Recorded information Start Marker

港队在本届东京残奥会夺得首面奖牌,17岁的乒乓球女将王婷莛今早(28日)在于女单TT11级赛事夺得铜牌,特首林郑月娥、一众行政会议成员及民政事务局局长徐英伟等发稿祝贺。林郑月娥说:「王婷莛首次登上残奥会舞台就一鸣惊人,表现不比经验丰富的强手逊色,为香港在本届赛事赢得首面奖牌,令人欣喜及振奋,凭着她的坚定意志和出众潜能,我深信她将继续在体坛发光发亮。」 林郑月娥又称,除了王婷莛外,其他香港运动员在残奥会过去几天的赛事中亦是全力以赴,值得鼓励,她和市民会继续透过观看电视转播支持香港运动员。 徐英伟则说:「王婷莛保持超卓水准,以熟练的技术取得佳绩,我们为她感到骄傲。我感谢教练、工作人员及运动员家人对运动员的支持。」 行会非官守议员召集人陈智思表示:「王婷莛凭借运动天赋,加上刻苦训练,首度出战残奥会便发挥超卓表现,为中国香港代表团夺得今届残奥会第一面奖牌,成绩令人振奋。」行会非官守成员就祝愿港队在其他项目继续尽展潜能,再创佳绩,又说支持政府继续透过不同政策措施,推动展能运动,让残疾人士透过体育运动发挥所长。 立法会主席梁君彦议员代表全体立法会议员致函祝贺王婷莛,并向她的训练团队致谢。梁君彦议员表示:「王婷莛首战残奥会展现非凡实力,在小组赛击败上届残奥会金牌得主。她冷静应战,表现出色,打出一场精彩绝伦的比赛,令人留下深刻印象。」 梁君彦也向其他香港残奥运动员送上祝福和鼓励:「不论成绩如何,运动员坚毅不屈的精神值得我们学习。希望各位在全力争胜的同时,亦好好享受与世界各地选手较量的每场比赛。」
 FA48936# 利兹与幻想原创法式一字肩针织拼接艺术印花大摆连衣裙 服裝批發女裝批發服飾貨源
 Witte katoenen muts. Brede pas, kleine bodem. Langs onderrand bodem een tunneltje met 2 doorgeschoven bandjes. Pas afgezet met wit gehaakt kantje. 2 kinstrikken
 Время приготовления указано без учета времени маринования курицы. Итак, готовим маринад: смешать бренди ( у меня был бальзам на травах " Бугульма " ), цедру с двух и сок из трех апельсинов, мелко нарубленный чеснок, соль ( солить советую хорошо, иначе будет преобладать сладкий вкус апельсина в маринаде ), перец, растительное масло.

Recorded information End Marker

Exercise requirements: Repeat each line above exactly as it stands.

Output below:
港队在本届东京残奥会夺得首面奖牌,17岁的乒乓球女将王婷莛今早(28日)在于女单TT11级赛事夺得铜牌,特首林郑月娥、一众行政会议成员及民政事务局局长徐英伟等发稿祝贺。林郑月娥说:「王婷莛首次登上残奥会舞台就一鸣惊人,表现不比经验丰富的强手逊色,为香港在本届赛事赢得首面奖牌,令人欣喜及振奋,凭着她的坚定意志和出众潜能,我深信她将继续在体坛发光发亮。」 林郑月娥又称,除了王婷莛外,其他香港运动员在残奥会过去几天的赛事中亦是全力以赴,值得鼓励,她和市民会继续透过观看电视转播支持香港运动员。 徐英伟则说:「王婷莛保持超卓水准,以熟练的技术取得佳绩,我们为她感到骄傲。我感谢教练、工作人员及运动员家人对运动员的支持。」 行会非官守议员召集人陈智思表示:「王婷莛凭借运动天赋,加上刻苦训练,首度出战残奥会便发挥超卓表现,为中国香港代表团夺得今届残奥会第一面奖牌,成绩令人振奋。」行会非官守成员就祝愿港队在其他项目继续尽展潜能,再创佳绩,又说支持政府继续透过不同政策措施,推动展能运动,让残疾人士透过体育运动发挥所长。 立法会主席梁君彦议员代表全体立法会议员致函祝贺王婷莛,并向她的训练团队致谢。梁君彦议员表示:「王婷莛首战残奥会展现非凡实力,在小组赛击败上届残奥会金牌得主。她冷静应战,表现出色,打出一场精彩绝伦的比赛,令人留下深刻印象。」 梁君彦也向其他香港残奥运动员送上祝福和鼓励:「不论成绩如何,运动员坚毅不屈的精神值得我们学习。希望各位在全力争胜的同时,亦好好享受与世界各地选手较量的每场比赛。」
 FA48936# 利兹与幻想原创法式一字肩针织拼接艺术印花大摆连衣裙 服裝批發女裝批發服飾貨源
 Witte katoenen muts. Brede pas, kleine bodem. Langs onderrand bodem een tunneltje met 2 doorgeschoven bandjes. Pas afgezet met wit gehaakt kantje. 2 kinstrikken
 Время приготовления указано без учета времени маринования курицы. Итак, готовим маринад: смешать бренди ( у меня был бальзам на травах " Бугульма " ), цедру с двух и сок из трех апельсинов, мелко нарубленный чеснок, соль ( солить советую хорошо, иначе будет преобладать сладкий вкус апельсина в маринаде ), перец, растительное масло.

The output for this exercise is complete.